The German Secretary of State for Foreign Affairs (Zimmermann) to the Spanish Ambassador (De Bernabé)

No. IIIa–19014/150962

Mr. Ambassador: With reference to your letter of August 2, 1915, relative to the free transit on the seas of certain articles and materials, I have the honor to inform you as follows:

The German Government declares itself ready to consider the articles and materials of exclusive use for the care of the sick and wounded, a list of which accompanied the above letter, as being comprised in the Declaration of London relative to the law of maritime warfare, and to guarantee their free transit on the seas. In conformity with the provisions of Article 29, No. 1, of the Declaration, it has already inserted into the Prize Ordinances of September 30, 1909 (Reichs-Gesetzblatt 1914, p. 275), the provisions of No. 28, par. 1, according to which articles and materials of the nature described above cannot be considered as contraband of war.

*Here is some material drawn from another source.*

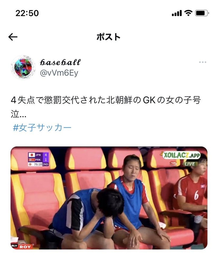 【悲報】女子サッカー決勝で4失点して懲罰交代された北朝鮮のキーパーwww

As it is stated in Article 29, No. 1, of the Declaration of London that, in case of important military necessity the articles and materials in question can be requisitioned against indemnity, if they are destined for enemy territory or for territory occupied by the enemy or for his armed forces, the German Government has reserved itself right of requisition, of which mention is made in No. 28, par. 1, of the German Prize Ordinances, but up to the present has not made use of it.

If the German Government accepts the Spanish proposition and consents to engage by international act to observe the stipulations of Article 29, No. 1, of the Declaration of London, and especially to consider as binding, the list of articles and materials in question, submitted by the Spanish Government, it only enters this engagement on the understanding of strict reciprocity and declares expressly that it will not consider itself bound, if England should impede the transportation of the said articles and materials from a neutral country to a German port.

Requesting that you inform your Government of the above, I avail myself [etc.]

Zimmermann
  1. Enclosure transmitted to the British Ambassador and the Ambassador in Great Britain, for their information, December 9 (File No. 763.72112/1962).